Try it
Once you find the line with "Эске салсак, кечээ" in the data that follows, repeat it and every line after it exactly, through the line with "Героиня снова в".

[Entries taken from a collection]
_ _ _ _ _ _ _
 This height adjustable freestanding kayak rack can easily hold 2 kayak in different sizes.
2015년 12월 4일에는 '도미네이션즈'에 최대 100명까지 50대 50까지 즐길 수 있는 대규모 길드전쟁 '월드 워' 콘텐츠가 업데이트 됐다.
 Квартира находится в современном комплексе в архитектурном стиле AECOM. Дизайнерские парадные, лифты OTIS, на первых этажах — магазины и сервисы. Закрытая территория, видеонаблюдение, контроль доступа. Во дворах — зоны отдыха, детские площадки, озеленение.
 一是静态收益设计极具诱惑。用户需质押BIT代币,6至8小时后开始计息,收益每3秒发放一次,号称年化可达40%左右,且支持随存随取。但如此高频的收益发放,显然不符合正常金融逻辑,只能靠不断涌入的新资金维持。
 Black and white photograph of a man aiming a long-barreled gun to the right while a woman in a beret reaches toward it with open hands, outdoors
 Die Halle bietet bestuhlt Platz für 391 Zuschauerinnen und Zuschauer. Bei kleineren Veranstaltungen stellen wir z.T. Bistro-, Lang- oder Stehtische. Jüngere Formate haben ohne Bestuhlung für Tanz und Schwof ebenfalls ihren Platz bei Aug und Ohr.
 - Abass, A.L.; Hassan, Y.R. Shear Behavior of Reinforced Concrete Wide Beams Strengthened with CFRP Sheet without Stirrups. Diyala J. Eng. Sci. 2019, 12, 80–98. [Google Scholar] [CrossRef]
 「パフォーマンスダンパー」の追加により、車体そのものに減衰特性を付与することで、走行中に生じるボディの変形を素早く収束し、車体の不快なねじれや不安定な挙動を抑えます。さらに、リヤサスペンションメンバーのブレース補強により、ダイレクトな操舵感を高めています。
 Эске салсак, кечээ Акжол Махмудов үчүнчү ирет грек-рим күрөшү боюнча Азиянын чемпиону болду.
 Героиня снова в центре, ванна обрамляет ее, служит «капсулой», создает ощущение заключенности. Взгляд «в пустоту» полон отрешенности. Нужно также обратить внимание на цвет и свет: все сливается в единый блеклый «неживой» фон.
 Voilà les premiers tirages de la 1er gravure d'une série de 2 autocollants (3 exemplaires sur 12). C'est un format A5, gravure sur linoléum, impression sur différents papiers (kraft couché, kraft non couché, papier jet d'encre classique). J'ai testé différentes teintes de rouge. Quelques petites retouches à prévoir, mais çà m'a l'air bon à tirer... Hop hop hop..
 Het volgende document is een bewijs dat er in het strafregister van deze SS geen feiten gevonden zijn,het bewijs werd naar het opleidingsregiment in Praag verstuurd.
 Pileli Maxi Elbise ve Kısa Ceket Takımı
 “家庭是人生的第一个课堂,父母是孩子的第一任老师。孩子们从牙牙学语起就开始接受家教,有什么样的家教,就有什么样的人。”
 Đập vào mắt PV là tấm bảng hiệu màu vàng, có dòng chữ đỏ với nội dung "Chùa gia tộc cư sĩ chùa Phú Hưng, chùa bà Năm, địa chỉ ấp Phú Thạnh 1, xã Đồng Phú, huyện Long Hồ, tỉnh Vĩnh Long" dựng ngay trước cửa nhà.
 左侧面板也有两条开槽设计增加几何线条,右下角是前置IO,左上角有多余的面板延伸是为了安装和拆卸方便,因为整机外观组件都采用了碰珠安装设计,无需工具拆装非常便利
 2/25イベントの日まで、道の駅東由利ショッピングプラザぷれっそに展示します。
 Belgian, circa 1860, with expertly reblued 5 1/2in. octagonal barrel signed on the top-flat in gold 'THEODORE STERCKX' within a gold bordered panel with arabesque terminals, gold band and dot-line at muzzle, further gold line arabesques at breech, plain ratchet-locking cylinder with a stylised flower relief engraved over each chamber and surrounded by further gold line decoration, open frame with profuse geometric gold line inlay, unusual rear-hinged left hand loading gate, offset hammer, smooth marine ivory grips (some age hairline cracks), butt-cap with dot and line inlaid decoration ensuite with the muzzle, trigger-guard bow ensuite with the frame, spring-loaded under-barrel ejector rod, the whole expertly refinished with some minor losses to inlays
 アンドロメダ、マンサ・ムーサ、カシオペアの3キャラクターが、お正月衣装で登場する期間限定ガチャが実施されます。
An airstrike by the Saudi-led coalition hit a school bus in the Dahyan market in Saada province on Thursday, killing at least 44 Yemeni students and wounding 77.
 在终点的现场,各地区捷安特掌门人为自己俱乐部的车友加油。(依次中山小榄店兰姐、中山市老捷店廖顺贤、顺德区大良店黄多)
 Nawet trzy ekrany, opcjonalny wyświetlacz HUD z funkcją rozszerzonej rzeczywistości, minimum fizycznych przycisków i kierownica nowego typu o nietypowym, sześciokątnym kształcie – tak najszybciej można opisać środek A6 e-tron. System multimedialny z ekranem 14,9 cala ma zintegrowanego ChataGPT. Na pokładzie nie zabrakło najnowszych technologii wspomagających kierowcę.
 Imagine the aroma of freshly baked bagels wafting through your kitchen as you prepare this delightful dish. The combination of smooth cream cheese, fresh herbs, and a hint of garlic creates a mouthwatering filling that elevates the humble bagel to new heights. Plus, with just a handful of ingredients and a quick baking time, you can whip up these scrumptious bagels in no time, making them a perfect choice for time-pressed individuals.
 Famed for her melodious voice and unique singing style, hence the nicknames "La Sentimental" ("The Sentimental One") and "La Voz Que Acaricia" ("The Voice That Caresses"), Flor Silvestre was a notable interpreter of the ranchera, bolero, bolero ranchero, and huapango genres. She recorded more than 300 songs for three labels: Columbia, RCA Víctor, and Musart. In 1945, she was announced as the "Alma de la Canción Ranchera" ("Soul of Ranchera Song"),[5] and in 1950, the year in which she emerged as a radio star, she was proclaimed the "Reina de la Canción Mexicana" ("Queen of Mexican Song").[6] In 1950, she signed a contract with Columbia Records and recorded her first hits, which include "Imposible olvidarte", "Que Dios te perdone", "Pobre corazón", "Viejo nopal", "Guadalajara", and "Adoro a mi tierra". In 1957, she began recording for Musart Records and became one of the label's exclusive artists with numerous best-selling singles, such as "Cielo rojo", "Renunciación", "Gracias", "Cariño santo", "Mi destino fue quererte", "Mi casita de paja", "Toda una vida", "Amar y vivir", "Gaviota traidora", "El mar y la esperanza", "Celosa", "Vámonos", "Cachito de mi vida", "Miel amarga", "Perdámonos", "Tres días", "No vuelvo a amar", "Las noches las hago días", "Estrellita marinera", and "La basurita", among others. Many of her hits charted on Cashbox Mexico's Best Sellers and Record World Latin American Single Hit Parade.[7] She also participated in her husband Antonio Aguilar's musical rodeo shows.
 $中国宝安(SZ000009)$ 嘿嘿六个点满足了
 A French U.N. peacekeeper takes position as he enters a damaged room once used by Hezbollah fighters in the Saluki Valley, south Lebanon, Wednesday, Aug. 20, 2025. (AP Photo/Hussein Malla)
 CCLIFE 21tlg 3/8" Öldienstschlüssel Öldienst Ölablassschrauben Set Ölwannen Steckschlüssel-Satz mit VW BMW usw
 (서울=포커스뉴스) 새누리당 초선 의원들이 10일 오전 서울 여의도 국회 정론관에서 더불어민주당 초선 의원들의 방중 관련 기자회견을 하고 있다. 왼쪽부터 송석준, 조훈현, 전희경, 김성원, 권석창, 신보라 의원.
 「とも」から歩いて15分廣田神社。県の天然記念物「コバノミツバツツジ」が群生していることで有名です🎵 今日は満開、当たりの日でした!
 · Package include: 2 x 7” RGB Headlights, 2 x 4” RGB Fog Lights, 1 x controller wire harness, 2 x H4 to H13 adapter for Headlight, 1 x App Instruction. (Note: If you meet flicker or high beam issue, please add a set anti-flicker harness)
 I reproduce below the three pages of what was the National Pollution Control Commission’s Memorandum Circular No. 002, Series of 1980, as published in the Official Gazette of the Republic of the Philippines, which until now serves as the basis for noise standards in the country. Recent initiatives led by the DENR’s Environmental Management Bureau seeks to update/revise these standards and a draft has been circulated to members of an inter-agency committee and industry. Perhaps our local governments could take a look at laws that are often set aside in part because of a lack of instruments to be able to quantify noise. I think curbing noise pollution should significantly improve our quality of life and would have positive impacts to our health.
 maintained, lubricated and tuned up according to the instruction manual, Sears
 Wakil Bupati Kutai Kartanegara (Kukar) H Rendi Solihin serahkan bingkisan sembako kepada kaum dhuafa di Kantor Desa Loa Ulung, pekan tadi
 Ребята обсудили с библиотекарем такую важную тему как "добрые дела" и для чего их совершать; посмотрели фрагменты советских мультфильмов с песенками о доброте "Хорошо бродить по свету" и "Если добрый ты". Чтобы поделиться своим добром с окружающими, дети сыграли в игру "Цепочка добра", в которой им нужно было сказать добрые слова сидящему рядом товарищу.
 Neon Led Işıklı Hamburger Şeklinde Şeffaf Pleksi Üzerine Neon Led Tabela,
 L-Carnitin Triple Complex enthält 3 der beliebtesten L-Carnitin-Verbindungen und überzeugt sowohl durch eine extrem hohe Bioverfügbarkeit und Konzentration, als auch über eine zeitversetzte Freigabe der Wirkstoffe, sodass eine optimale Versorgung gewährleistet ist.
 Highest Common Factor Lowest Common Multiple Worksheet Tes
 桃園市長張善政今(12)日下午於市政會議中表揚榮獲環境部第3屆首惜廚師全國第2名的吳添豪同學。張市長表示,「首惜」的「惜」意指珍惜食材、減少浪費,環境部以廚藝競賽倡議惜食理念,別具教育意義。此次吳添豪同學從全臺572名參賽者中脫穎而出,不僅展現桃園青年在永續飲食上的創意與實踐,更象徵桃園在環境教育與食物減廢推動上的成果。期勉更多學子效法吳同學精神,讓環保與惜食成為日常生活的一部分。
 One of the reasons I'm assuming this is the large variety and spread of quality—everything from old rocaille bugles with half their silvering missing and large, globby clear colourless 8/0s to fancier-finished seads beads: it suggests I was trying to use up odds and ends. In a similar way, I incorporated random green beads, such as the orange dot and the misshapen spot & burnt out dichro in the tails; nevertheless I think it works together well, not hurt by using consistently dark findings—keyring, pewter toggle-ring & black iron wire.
_ _ _ _ _ _ _
Result for this task
 Эске салсак, кечээ Акжол Махмудов үчүнчү ирет грек-рим күрөшү боюнча Азиянын чемпиону болду.
 Героиня снова в центре, ванна обрамляет ее, служит «капсулой», создает ощущение заключенности. Взгляд «в пустоту» полон отрешенности. Нужно также обратить внимание на цвет и свет: все сливается в единый блеклый «неживой» фон.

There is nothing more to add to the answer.